И вот я уже начинаю жалеть своих ближних! Да я и никогда не пренебрегала ими, напротив, я ищу их, без них нет ничего в этом мире. Только я ценю их на столько, на сколько они стоят, и хочу этим воспользоваться.
Толпа. В ней все. Что мне несколько выдающихся существ – мне нужны все, мне нужен блеск, шум.
Когда я думаю, что… Возвратимся к этому вечному, скучному, но необходимому слову: подождем… О, если бы кто-нибудь знал, чего мне стоит ждать!
Но я люблю жизнь, люблю ее горести и радости. Люблю Бога, и весь Его мир, со всеми его дурными сторонами, несмотря на все эти дурные стороны и, может быть, даже вследствие них.

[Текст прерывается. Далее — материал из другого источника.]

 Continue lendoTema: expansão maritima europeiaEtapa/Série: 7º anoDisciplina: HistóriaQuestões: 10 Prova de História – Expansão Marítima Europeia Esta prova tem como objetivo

Почему это никогда нельзя говорить без преувеличений? Мои черные размышления были бы справедливы, если бы были несколько спокойнее, их неистовая форма лишает их естественности.
Есть черствые души, но есть прекрасные поступки, и честные души, но все это порывами и так редко, что нельзя смешивать их с остальным миром.

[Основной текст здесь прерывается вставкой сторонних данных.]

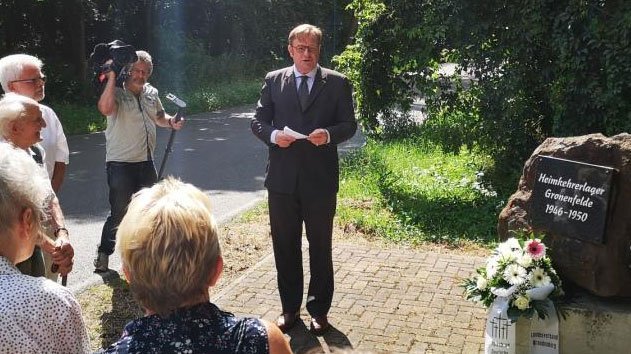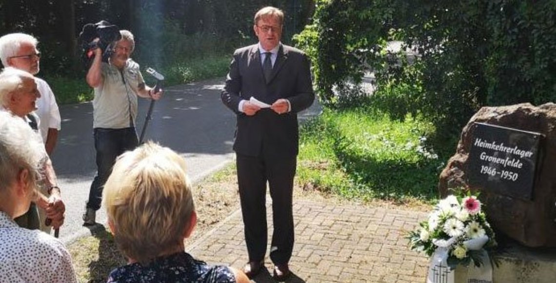 Volksbundgeschäftsführer Oliver Breithaupt schlug in seiner Gedenkrede den Bogen vom Angriff auf die Sowjetunion am 22. Juni 1941 bis hin zu den Ereignissen und Schicksalen im Heimkehrerlager Gronenfelde. Die Ereignisse in dieser vergleichsweisen kurzen Zeitspanne dürfen nicht vergessen werden und sollten auch spätere Generationen zum Nachdenken, Verstehen und Handeln anregen. Letztendliches Ziel müssen Frieden, Versöhnung und Vergebung sein.

Скажут, пожалуй, что я говорю все это, потому что у меня какие-нибудь неприятности, – нет, у меня только мои обычные неприятности и ничего особенного. Не ищите ничего такого, что не находилось бы в этом дневнике, я добросовестна и никогда не прохожу молчанием ни мысли, ни сомнения. Я воспроизвожу себя так точно, как только позволяет мне мой бедный ум. А если мне не верят, если ищут чего-нибудь сверх того или под тем, что я говорю, тем хуже! Ничего не увидят, потому что ничего и нет.
Суббота, 9 октября. Если бы я родилась принцессой Бурбонской, как madame de Longueville. Если бы мне прислуживали графы, если бы родственниками и друзьями моими были короли, если бы с самого своего рождения я только и встречала, что преклоненные головы заискивающих придворных, если бы я ходила только по коврам, украшенным гербами, и спала под королевскими балдахинами, если бы мои предки были – один славнее другого; – если бы у меня было все это, я не могла бы быть ни более гордой, ни более надменной, чем теперь. О, Боже мой, как я благодарю Тебя! Эти мысли, которые Ты посылаешь мне, помогут мне устоять на верном пути и не дозволят ни на минуту упустить из глаз блестящую звезду, к которой я иду.
Пятница, 15 октября. Тетя пошла купить фруктов около церкви, я была с ней.
Женщины тотчас же окружили меня. Я спела вполголоса в церкви Rossingnolo. Это привело их в восторг, и даже самые старые принялись плясать. Словом – народное торжество. Торговка яблоками сделала мне реверанс, восклицая: «Che bella regina!».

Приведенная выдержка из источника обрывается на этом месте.